═══ Data

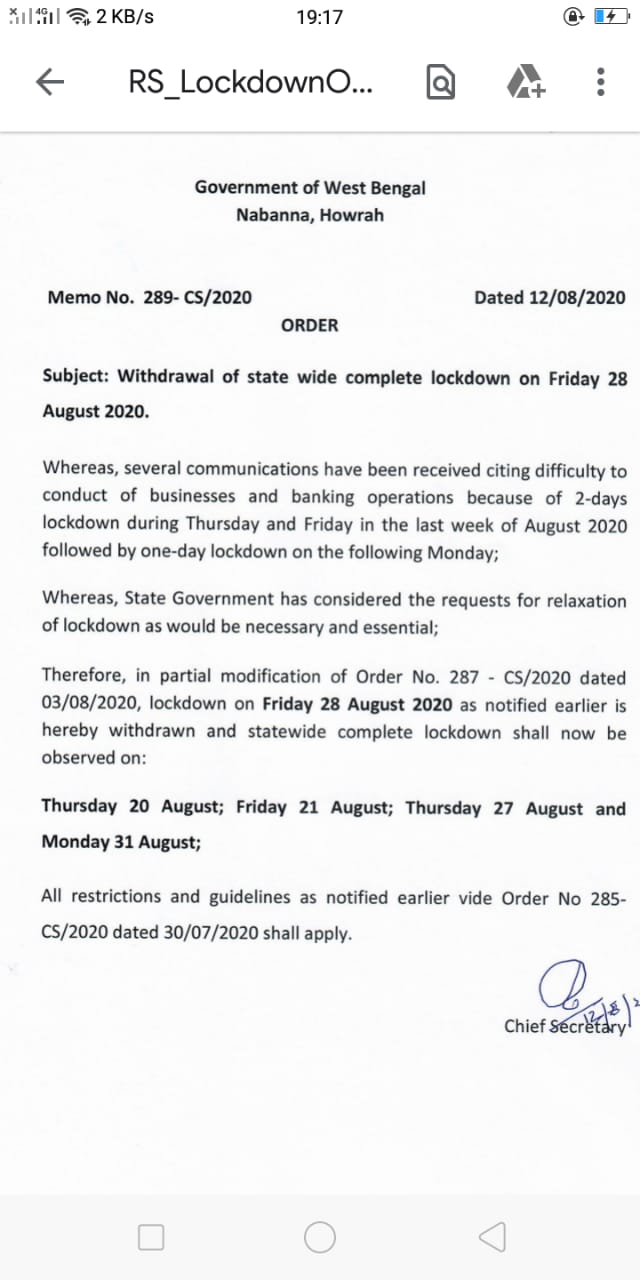রাজীব মন্ডল :কলকাতা  -আবার বদলে গেল রাজ্যে সম্পূর্ণ লকডাউনের দিন। বুধবার জানানো হয়েছে,  ২৮অগাস্ট  লকডাউন হবে না। আগে বলা হয়েছিল ২০, ২১, ২৭,২৮ ও ৩১ আগস্ট গোটা রাজ্যে সম্পূর্ণ লকডাউন থাকবে। এবার মুখ্যসচিবের দেওয়া  বিজ্ঞপ্তিতে বলা হল, ২৮ আগস্ট শুক্রবার লকডাউন হবে না। সরকারের তরফে জানানো হয়েছে, ব্যবসা ও ব্যাঙ্কের কাজে অসুবিধার কথা ভেবেই এই দিন বদল করা হয়েছে।এর আগে এটি মধ্যে ২ বার লকডাউনের দিন বদল হয়েছে।
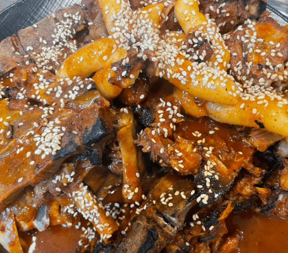 이곳의 가장 인기 있는 메뉴 중 하나는 매콤 뼈구이로, 국산 등뼈를 사용하고 매콤한 양념과 불맛을 더해 한 입 먹어보면 숯불향 가득한 매콤한 바베큐 맛이 큰 특징입니다.
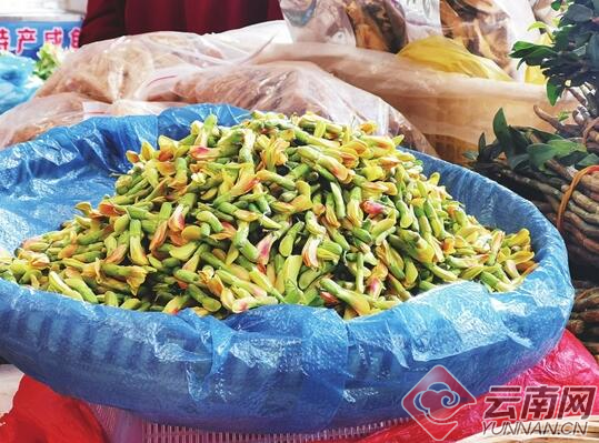 [InKunming--Yunnan] In Yunnan, various wild flowers and vegetables are rare delicacies in spring. After the Spring Festival holiday, a lot of wild edible vegetables you may never heard about have come on the market. Chinese mahogany, common broom, fiddlehead, walnut flower, shepherd’s purse and other fresh wild veggies smelled with a breath of spring attract people to select and buy.
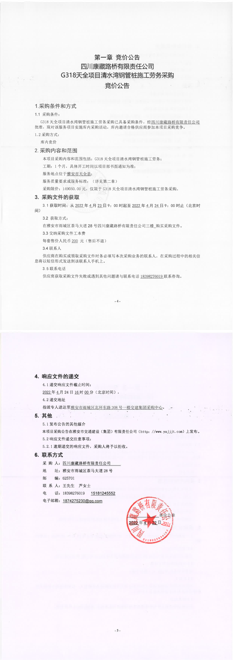 四川康藏路橋有限責(zé)任公司G318天全項(xiàng)目清水灣鋼管樁施工勞務(wù)采購(gòu)競(jìng)價(jià)公告

══════

**Work order**. Ignoring the pictures, write out word for word the lines from the line containing "[InKunming--Yunnan] In Yunnan, various" through the end of the material above.

**Expected answer**.
 [InKunming--Yunnan] In Yunnan, various wild flowers and vegetables are rare delicacies in spring. After the Spring Festival holiday, a lot of wild edible vegetables you may never heard about have come on the market. Chinese mahogany, common broom, fiddlehead, walnut flower, shepherd’s purse and other fresh wild veggies smelled with a breath of spring attract people to select and buy.
 四川康藏路橋有限責(zé)任公司G318天全項(xiàng)目清水灣鋼管樁施工勞務(wù)采購(gòu)競(jìng)價(jià)公告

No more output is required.